Analysis based on required communications costs suggests that
peer-to-peer keyword indexing of the Web is infeasible because of the
size of the data set \cite{feasibility}. However, peer-to-peer
indexing for file sharing networks remains feasible, because searches are
performed using only file metadata, not contents. The size of file
metadata is expected to be on the order of a few keywords, much
smaller than the text of an average Web page.

\subsection{Background}
\label{sec:searching:background}

% Searching is hard. Central inverted index, Gnutella/flooding,
A natural approach is to maintain a centralized index of the files in
the network, as done by the Napster \cite{napster} file sharing
network. Structured overlay networks based on distributed hash tables
show promise for simultaneously achieving the recall advantages of a
centralized index and the scalability and resiliency attributes of
decentralization. Distributed hash location services such as Chord
\cite{chord} provide a \proc{Lookup} primitive that maps a key to the
node responsible for its value. It does so efficiently, with at most
$O(\log n)$ messages per lookup in an $n$-machine network, and minimal
overhead for routing table maintenance. Building on this primitive,
DHash \cite{dhash} and other distributed hash tables provide a
standard \proc{Get-Block}/\proc{Put-Block} hash table abstraction.
However, this interface alone does not allow search based on metadata
keywords.

\subsection{Distributed Indexing}
\label{sec:searching:distributed-indexing}

% Solution progression: Distributed inverted index w/ querier join (or
% distributed join) -> keyword-set index w/ querier filter ->
% keyword-set index w/ network-side filter

A reasonable starting point is a \emph{distributed inverted index}. In
this scheme, the DHT maps each keyword to a list of all files whose
metadata contains that keyword, thus distributing the index throughout
the network. To execute a query, a node performs a \proc{Get-Block}
operation for each of the query keywords and intersects the resulting
lists.  The principal disadvantage is that the keyword index lists can
become prohibitively long, particularly for very popular keywords
(e.g.  ``the''), so retrieving the entire list will generate
tremendous network traffic.

Performance of a keyword-based distributed inverted index can be
improved by performing \emph{index-side filtering} instead of joining
at the querying node. Because our application postulates that metadata
is small (unlike in the general case of indexing entire documents),
the entire contents of the metadata can be kept in the index with each
item. To perform a query involving a metadata term, we can send the
full query to the corresponding index node, and it can perform the
filtering and return only relevant results.  This dramatically reduces
network traffic at query time, since only results relevant to the full
query need to be transmitted.  This is similar to the search algorithm
used by the Overnet network \cite{overnet}, which uses the Kademlia
DHT \cite{kademlia}. Note that index-side filtering extends the DHT
abstraction beyond the simple \proc{Get-Block} request: the DHT is no
longer a mere data structure; it now supports network-side processing.
% Overnet, distributed join, etc.

% KSS!
Although index-side filtering reduces query bandwidth, machines
responsible for the large inverted indexes of common search terms will
have disproportionately large storage and query loads.  As an initial
fix for this problem, we \emph{truncate} large inverted indices,
keeping only those items that best-match the inverted index term.
This limits storage load, but sacrifices correctness: multi-term
queries directed to this index may have matches in the full list that
are not in the truncated list, hiding some correct results.

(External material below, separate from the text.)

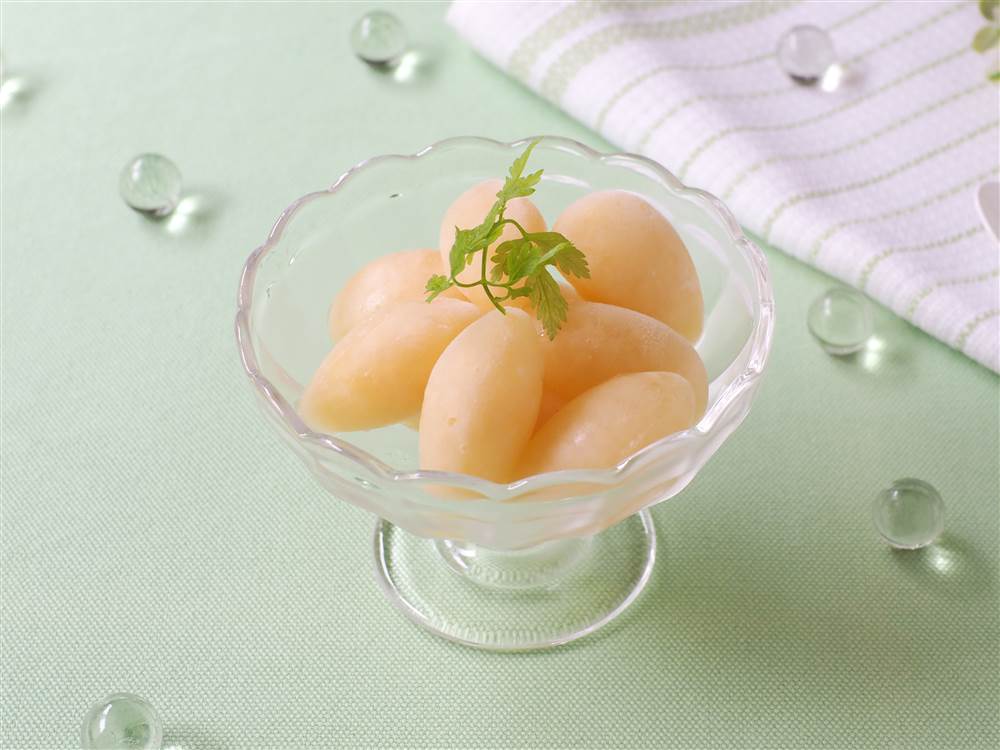 まるごと果実をそのまま凍らせた、かんたんにできるシャーベットです。まるで生の桃を食べているかのような果肉感がたのしめます

To overcome this problem, we propose to build inverted indexes not
only on keywords but also on keyword \emph{sets}. For each file, an
index entry is created for each subset of at most $k$ metadata terms;
the maximum set size $k$ is a parameter of the network. This is the
Keyword-Set Search system (KSS) introduced by Gnawali \cite{kss}.
Essentially, this scheme allows us to precompute the full-index answer
to all queries of up to $k$ keywords.  For queries of more than $k$
keywords, truncation may still be necessary.  However, it seems likely
that in most cases there will be a ``rare'' $k$-word subset of the
query with a small inverted index. This index will suffer little or no
truncation, and will thus be more likely to hold all relevant results.

Using keyword set indexes rather than keyword indexes increases the
number of index entries for a file with $m$ metadata keywords from
$O(m)$ to $O\left(\min(m^k, 2^m)\right)$.  However, it reduces the
importance of single-keyword indexes: they will be used only to answer
single-word queries, and the negative effects of truncation on these
queries are minimized. Reynolds and Vahdat observed that less than
29\% of web search queries included only one keyword
\cite{keyword-searching}.
%This trade-off is desirable because the number of \proc{Insert} requests
%on a network is smaller than the number of \proc{Query} requests.
% Cite Gummadi or some other measurement paper for this statistic.
Further analysis will be necessary to identify the optimum value for
the parameter $k$; however, the average number of terms for web
searches is approximately $2.53$, so $k$ is likely to be around $3$
\cite{keyword-searching}.  A major advantage of keyword-set indexing
is that the query traffic to nodes responsible for popular keywords
will be abated by queries going to more specific indexes.

% Network-side filtering. Explain keyword/filterable metadata.
% unnecessary network traffic is eliminated by filtering inside of the
% network instead of on the originator of the query
In \emph{Arpeggio}, we combine KSS indexing with index-side filtering,
as described above: indexes are built for keyword sets and results are
filtered on the index nodes. We make a distinction between
\emph{keyword metadata}, which is easily enumerable, and therefore can
be used to partition indexes with KSS, and \emph{filterable metadata},
which can further constrain a search. Index-side filtering allows for
more complex searches than KSS alone. A user may only be interested in
files of size greater than 1 MB, files in \texttt{tar.gz} format, or
MP3 files with a bitrate greater than 128 Kbps, for example. It is not
practical to encode this information in keyword indexes, but the index
obtained via a KSS query can easily be filtered by these criteria.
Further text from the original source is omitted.